Unser erster Rundgang durch die Innenstadt wird zu einem einsamen Spaziergang. Es ist Sonntag und die Stadt am fruehen Morgen wie ausgestorben. Bis auf ein paar wenige Fruehaufsteher und Nachtschwaermer ist kaum jemand unterwegs. Die meisten Cafes haben noch geschlossen. Die ersten, die am Sonntag oeffnen, sind McDonalds und Co zur Mittagszeit. Die Stadt erwacht langsam, das Leben beginnt hier spaet und endet spaet. Schon frueh praesent ist jedoch die Polizei, auf die man in Santiago zu jeder Uhrzeit und ueberall trifft. Auf der Plaza del Armas ist immer ein Streifenwagen postiert. Denn der Platz ist ein beliebter Arbeitsort fuer (Klein)kriminelle. Mittags treten einige Touristen in gefuehrten Stadttouren in Erscheinung, Hunde wachen auf und jagen Autos und Radfahrern hinterher, nachmittags kommen viele Familien zum Bummeln in die Innenstadt, ein kleiner Flohmarkt laedt zum stoebern ein und inzwischen haben schon weit mehr Cafes und Restaurant geoeffnet.
Wir kommen am Praesidentenpalast vorbei und nutzen die Gelegenheit, ins Innere zu gehen. Nach Taschendurchleuchtung und Ausweiskontrolle treten wir in den rechteckigen Innenhof des Gebauedes. Von hier aus gibt es nur einen Weg, den die Besucher nehmen duerfen. Weiter in den zweiten Innenhof und auf der anderen Seite des Gebauedes wieder hinaus. Das war ein kurzer Besuch. Die Sehenswuerdigkeiten Santiagos sind schnell erschoepft, die Kathedrale an der Plaza de Armas sowie das pastellfarbene Hauptpostamt am gleichen Platz, der Praesidentenpalast "La Moneda", der wenig attraktive Fernsehturm Torre Entel, der Mercado de Central, der vorwiegend ein Touristenanlaufpunkt ist, in dem die Touristen in diverse Lokale gelockt werden. Auch der Fluss Rio Mapocho ist ein trauriger Anblick, lediglich eine dicke braune Bruehe rauscht armselig durch das betonierte Flussbett.
Eines der schoeneren Viertel ist Bellavista am Fusse des Hausberges Cerro San Cristobal. Da wundert es nicht, das der Dichter Pablo Neruda diese Gegend fuer seinen Santiagoer Wohnsitz waehlte.

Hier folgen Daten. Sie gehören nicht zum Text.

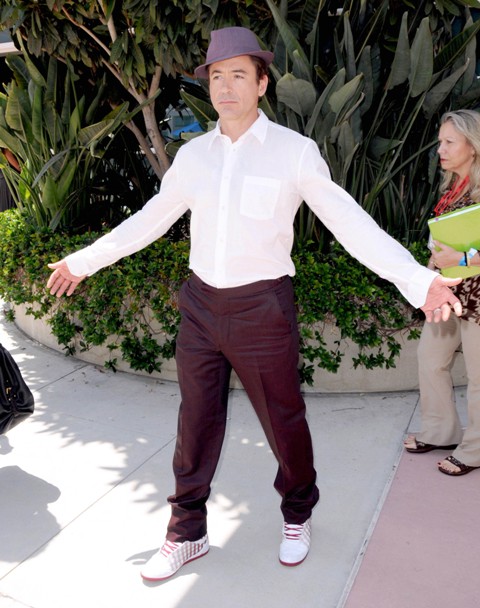 He was there for both Iron Man and Sherlock Holmes. As you can see, there was an ensemble for every occasion. Sexy bitch.
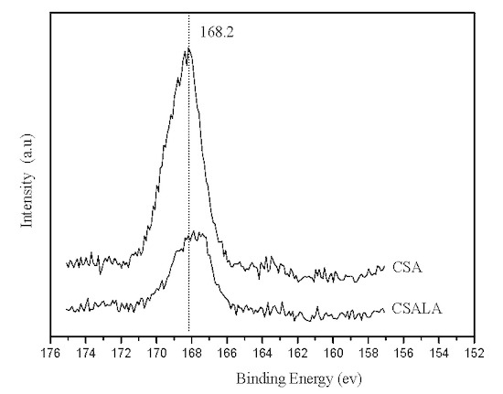 S 2p X-ray photoelectron spectroscopy (XPS) spectra of CSA and CSALA.
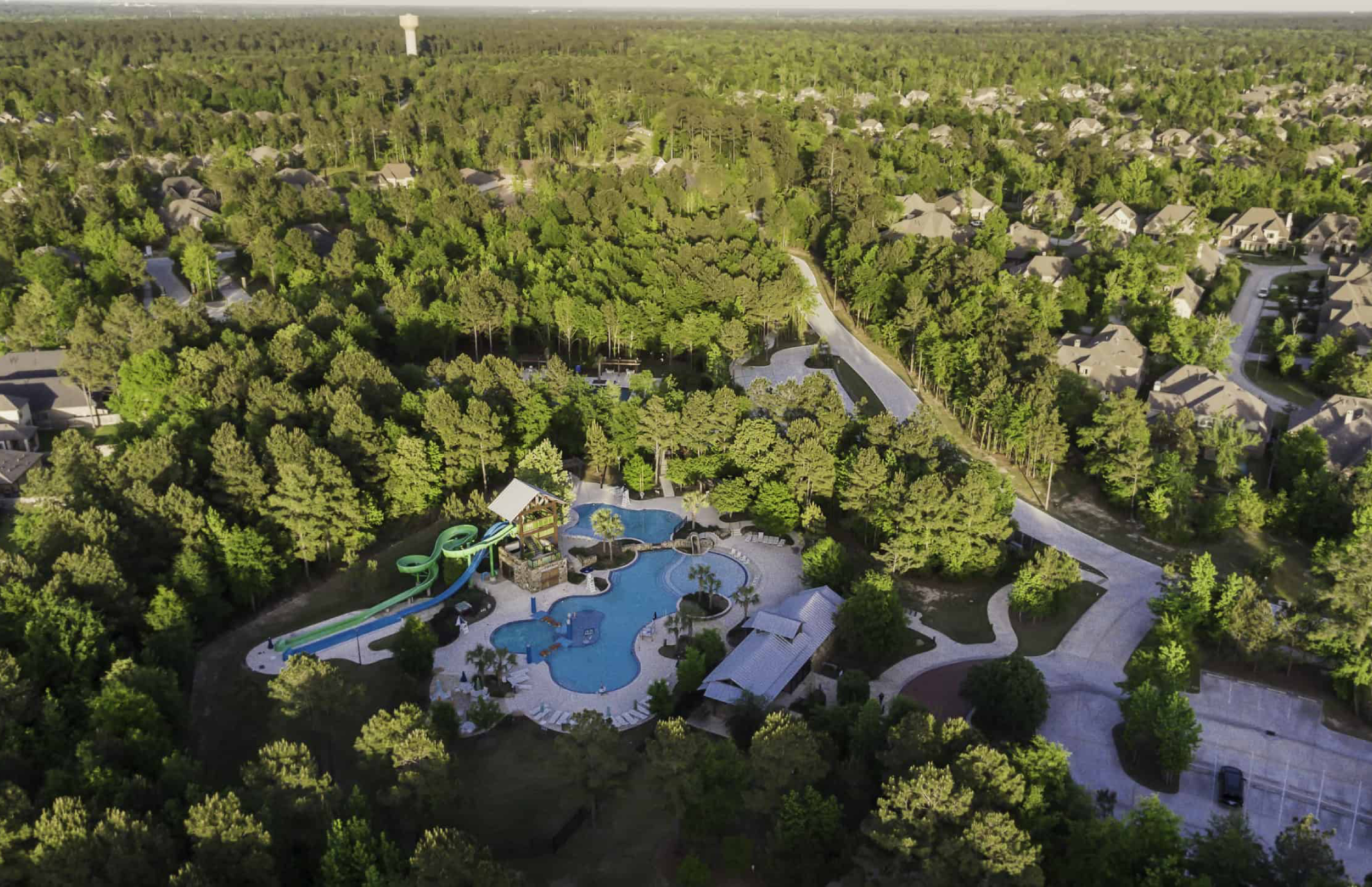 Entre sus principales amenidades se incluyen el Woodforest Golf Club, piscinas tipo resort, 16 parques recreativos, senderos de más de 24 km, canchas deportivas y el centro comercial Pine Market.

Tagsueber ein huebsches Viertel mit bunten Haeuserzeilen, abends und nachts das Ausgehviertel der Stadt, zahlreiche Kneipen, Cafes, Restaurants und Diskos ziehen die jungen Leute der ganzen Stadt an. Ruhig wird es erst wenn die Sonne aufgeht.
Die schoene Lage der Stadt, von allen Seiten umgeben von Bergen und Huegeln, ist auch ihr Verhaengnis. Die Abgase
ziehen nicht ab, sondern bleiben wie eine Glocke ueber der Stadt haengen und tauchen Santiago rund um die Uhr in dichten Smog. Klare Sicht gibt es nur in den Stunden nach einem Regen. Dann kann man die schneebedeckten Anden am Horizont bewundern. Wir kommen nicht diesen Genuss, sondern sehen die Berge so, wie sie die meiste Zeit zu sehen sind, als braune Schatten. Auch die Sicht vom Cerro San Cristobal ist durch den Smog getruebt. Eine gute Sicht aus der Naehe hat man indes auf Santiagos Wahrzeichen, eine 22 Meter hohe Marienstatue, die auf dem Gipfel des Cerro San Cristobal trohnt.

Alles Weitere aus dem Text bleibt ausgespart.